# Okay, just tell me if this is being too anal



## HardwareGuy (Oct 3, 2014)

I'm setting up guardrails and, in some locations, billboards to act as catch-fences around my HO (AFX/Tomy) course. I've got "rolling hills" landscaping around the course and I want to level the sweeping billboards (circa 1994 at 10" long) that back up the guardrails, so... Any suggestions other than using a torpedo level every few inches on the curves for the billboard sections? Kind of looking for a quick way to implement installing the billboards. I normally wouldn't think this is a problem except for my 5 year grandson who's assisting in the project. (I'm hoping he'll become a mechanical engineer and economically solve the infrastrcure issues with our highways.) In the mean time your ideas are appreciated.


----------



## alpink (Aug 22, 2010)

hey man, welcome to Hobby Talk.
no question is wrong here.
I would just eye it up for a slot track layout.
yeah, using a level would ensure it, but I don't really think you need to.


----------



## Milton Fox Racing (May 27, 2014)

Corndog sticks or chop sticks will give that old school look, but for 1994 they would have been mounted on break away aluminium poles. So solder wire or aluminium wire.

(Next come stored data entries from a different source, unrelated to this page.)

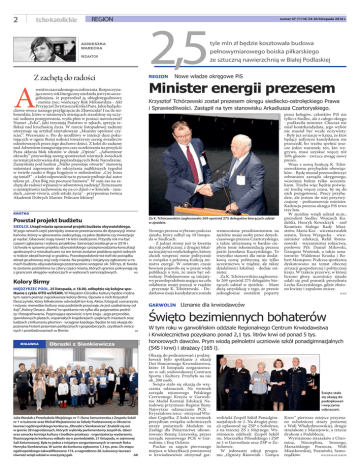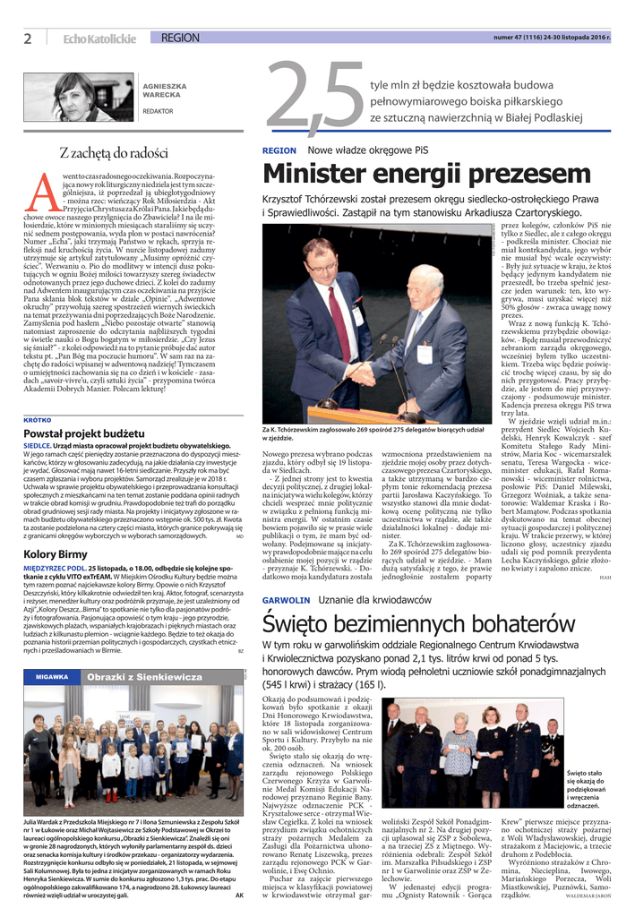 2 region EchoKatolickie 2,5 AGNIESZKA WARECKA redaktor Z zachętą do radości REGION A numer 47 (1116) 24-30 listopada 2016 r. tyle mln zł będzie kosztowała budowa pełnowymiarowego boiska piłkarskiego ze sztuczną nawierzchnią w Białej Podlaskiej Nowe władze okręgowe PiS Minister energii prezesem went to czas radosnego oczekiwania. Rozpoczynająca nowy rok liturgiczny niedziela jest tym szczególniejsza, iż poprzedzał ją ubiegłotygodniowy - można rzec: wieńczący Rok Miłosierdzia - Akt Przyjęcia Chrystusa za Króla i Pana. Jakie będą duchowe owoce naszego przylgnięcia do Zbawiciela? I na ile miłosierdzie, które w minionych miesiącach staraliśmy się uczynić sednem postępowania, wyda plon w postaci nawrócenia? Numer „Echa”, jaki trzymają Państwo w rękach, sprzyja refleksji nad kruchością życia. W nurcie listopadowej zadumy utrzymuje się artykuł zatytułowany „Musimy opróżnić czyściec”. Wezwaniu o. Pio do modlitwy w intencji dusz pokutujących w ogniu Bożej miłości towarzyszy szereg świadectw odnotowanych przez jego duchowe dzieci. Z kolei do zadumy nad Adwentem inaugurującym czas oczekiwania na przyjście Pana skłania blok tekstów w dziale „Opinie”. „Adwentowe okruchy” przywołują szereg spostrzeżeń wiernych świeckich na temat przeżywania dni poprzedzających Boże Narodzenie. Zamyślenia pod hasłem „Niebo pozostaje otwarte” stanowią natomiast zaproszenie do odczytania najbliższych tygodni w świetle nauki o Bogu bogatym w miłosierdzie. „Czy Jezus się śmiał?” - z kolei odpowiedź na to pytanie próbuje dać autor tekstu pt. „Pan Bóg ma poczucie humoru”. W sam raz na zachętę do radości wpisanej w adwentową nadzieję! Tymczasem o umiejętności zachowania się na co dzień i w kościele - zasadach „savoir-vivre’u, czyli sztuki życia” - przypomina twórca Akademii Dobrych Manier. Polecam lekturę! Fot. Piotr Grabowski Krzysztof Tchórzewski został prezesem okręgu siedlecko-ostrołęckiego Prawa i Sprawiedliwości. Zastąpił na tym stanowisku Arkadiusza Czartoryskiego. Krótko Powstał projekt budżetu SIEDLCE. Urząd miasta opracował projekt budżetu obywatelskiego. W jego ramach część pieniędzy zostanie przeznaczona do dyspozycji mieszkańców, którzy w głosowaniu zadecydują, na jakie działania czy inwestycje je wydać. Głosować mają nawet 16-letni siedlczanie. Przyszły rok ma być czasem zgłaszania i wyboru projektów. Samorząd zrealizuje je w 2018 r. Uchwała w sprawie projektu obywatelskiego i przeprowadzania konsultacji społecznych z mieszkańcami na ten temat zostanie poddana opinii radnych w trakcie obrad komisji w grudniu. Prawdopodobnie też trafi do porządku obrad grudniowej sesji rady miasta. Na projekty i inicjatywy zgłoszone w ramach budżetu obywatelskiego przeznaczono wstępnie ok. 500 tys. zł. Kwota ta zostanie podzielona na cztery części miasta, których granice pokrywają się MD z granicami okręgów wyborczych w wyborach samorządowych. Kolory Birmy migawka Obrazki z Sienkiewicza Fot. AK MIĘDZYRZEC PODL. 25 listopada, o 18.00, odbędzie się kolejne spotkanie z cyklu VITO exTrEAM. W Miejskim Ośrodku Kultury będzie można tym razem poznać najciekawsze kolory Birmy. Opowie o nich Krzysztof Deszczyński, który kilkakrotnie odwiedził ten kraj. Aktor, fotograf, scenarzysta i reżyser, menedżer kultury oraz podróżnik przyznaje, że jest uzależniony od Azji”„Kolory Deszcz...Birma” to spotkanie nie tylko dla pasjonatów podróży i fotografowania. Pasjonująca opowieść o tym kraju - jego przyrodzie, zjawiskowych plażach, wspaniałych krajobrazach i pięknych miastach oraz ludziach z kilkunastu plemion - wciągnie każdego. Będzie to też okazja do poznania historii przemian politycznych i gospodarczych, czystkach etniczBZ nych i prześladowaniach w Birmie. Julia Wardak z Przedszkola Miejskiego nr 7 i Ilona Szmuniewska z Zespołu Szkół nr 1 w Łukowie oraz Michał Wojtasiewicz ze Szkoły Podstawowej w Okrzei to laureaci ogólnopolskiego konkursu „Obrazki z Sienkiewicza”. Znaleźli się oni w gronie 28 nagrodzonych, których wyłoniły parlamentarny zespół ds. dzieci oraz senacka komisja kultury i środków przekazu - organizatorzy wydarzenia. Rozstrzygnięcie konkursu odbyło się w poniedziałek, 21 listopada, w sejmowej Sali Kolumnowej. Była to jedna z inicjatyw zorganizowanych w ramach Roku Henryka Sienkiewicza. W sumie do konkursu zgłoszono 1,3 tys. prac. Do etapu ogólnopolskiego zakwalifikowano 174, a nagrodzono 28. Łukowscy laureaci również wzięli udział w uroczystej gali. AK Za K. Tchórzewskim zagłosowało 269 spośród 275 delegatów biorących udział w zjeździe. Nowego prezesa wybrano podczas zjazdu, który odbył się 19 listopada w Siedlcach. - Z jednej strony jest to kwestia decyzji politycznej, z drugiej lokalna inicjatywa wielu kolegów, którzy chcieli wesprzeć mnie politycznie w związku z pełnioną funkcją ministra energii. W ostatnim czasie bowiem pojawiło się w prasie wiele publikacji o tym, że mam być odwołany. Podejmowane są inicjatywy prawdopodobnie mające na celu osłabienie mojej pozycji w rządzie - przyznaje K. Tchórzewski. - Dodatkowo moja kandydatura została Garwolin wzmocniona przedstawieniem na zjeździe mojej osoby przez dotychczasowego prezesa Czartoryskiego, a także utrzymaną w bardzo ciepłym tonie rekomendacją prezesa partii Jarosława Kaczyńskiego. To wszystko stanowi dla mnie dodatkową ocenę polityczną nie tylko uczestnictwa w rządzie, ale także działalności lokalnej - dodaje minister. Za K. Tchórzewskim zagłosowało 269 spośród 275 delegatów biorących udział w zjeździe. - Mam dużą satysfakcję z tego, że prawie jednogłośnie zostałem poparty przez kolegów, członków PiS nie tylko z Siedlec, ale z całego okręgu - podkreśla minister. Chociaż nie miał kontrkandydata, jego wybór nie musiał być wcale oczywisty: - Były już sytuacje w kraju, 
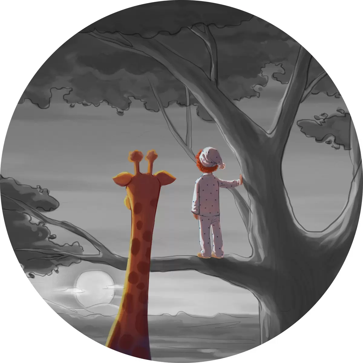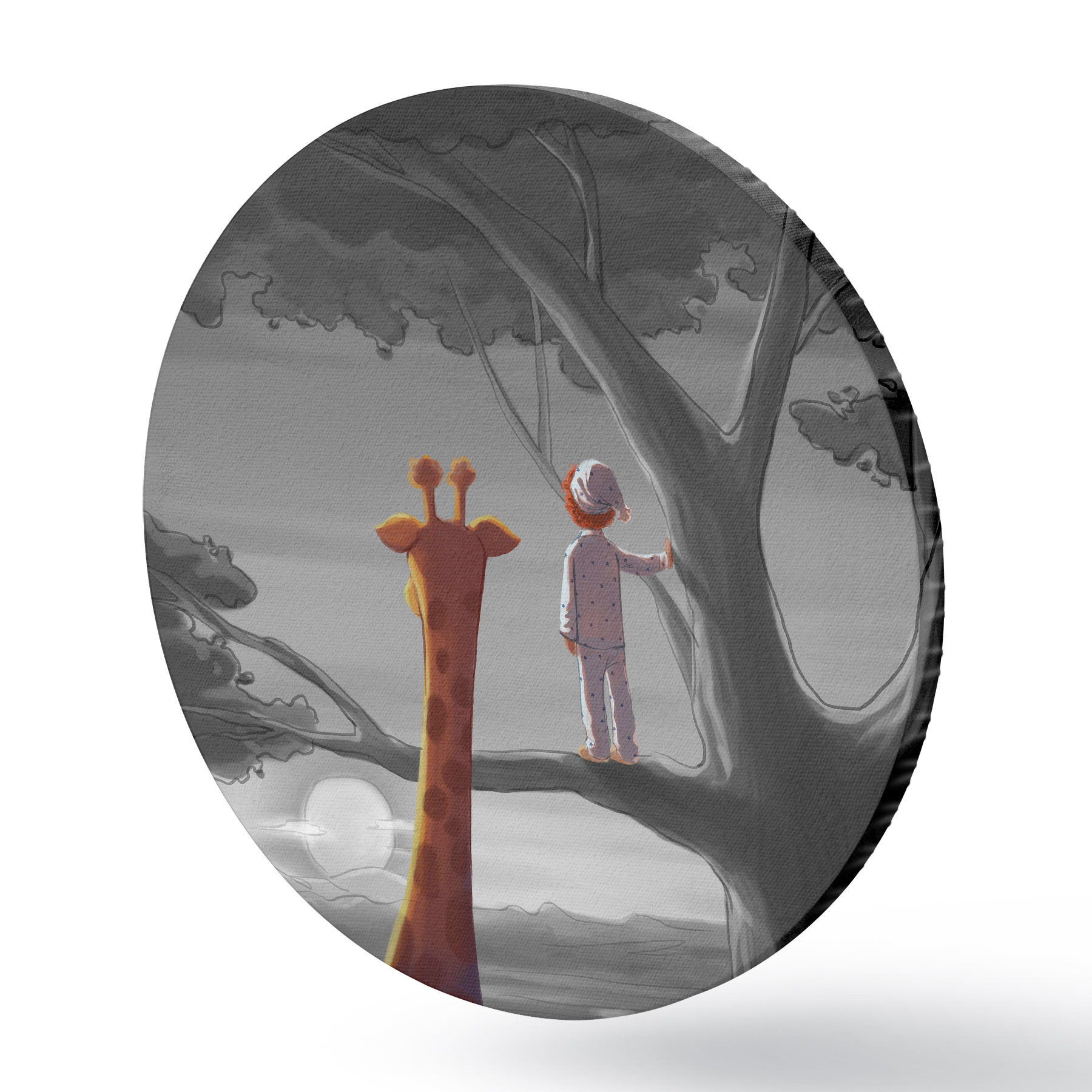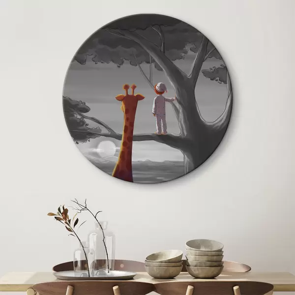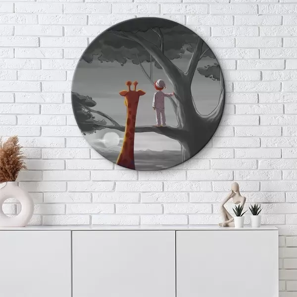 Quadri rotondi Giraffa e bambino in piedi su un albero r36700
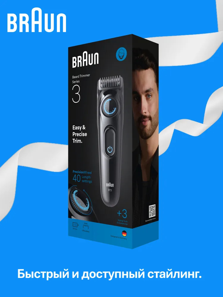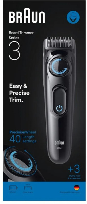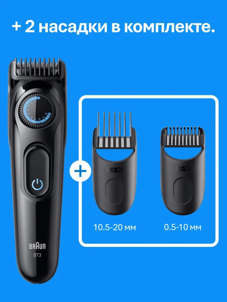 Триммер для бороды от Braun BT3000 обеспечивает точную длину, четкие контуры и подравнивание. Если вы хотите добиться стильной щетины, сохранить длину бороды или подровнять контуры, съемная насадка-гребень для подравнивания обеспечивает 20 настроек длины от 1 до 10 мм. Предоставляют идеальную точность для создания любого стиля. Крайне острые лезвия из нержавеющей стали срезают длинные или густые волосы без выдергивания. 40 минут точной стрижки после 10 часовой зарядки .
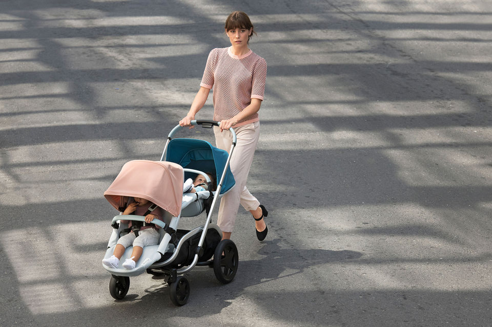 Here you can see how the Hubb evolves together with your expanding family! You'll start in a MONO configuration, with the pram. Switch to a seat, rearward facing, once your child can sit upright unsupported. Turn the seat around when you see your child is starting to explore the world. When your second child arrives, switch to the DUO configuration. Starting out with the pram-seat combo, you can evolve all the way to the hop-on/off board for your oldest!

If you go with the sticks die them with tea or a magic marker to desired color or just paint them.

With either just cut them to length to all be the same height for the top edge of the bill boards.

Bigger toothpicks may work better for scale.

:cheers2:


----------



## HardwareGuy (Oct 3, 2014)

Thanks for your ideas. Turns out eyeballing it works just fine. Keep on racing!


----------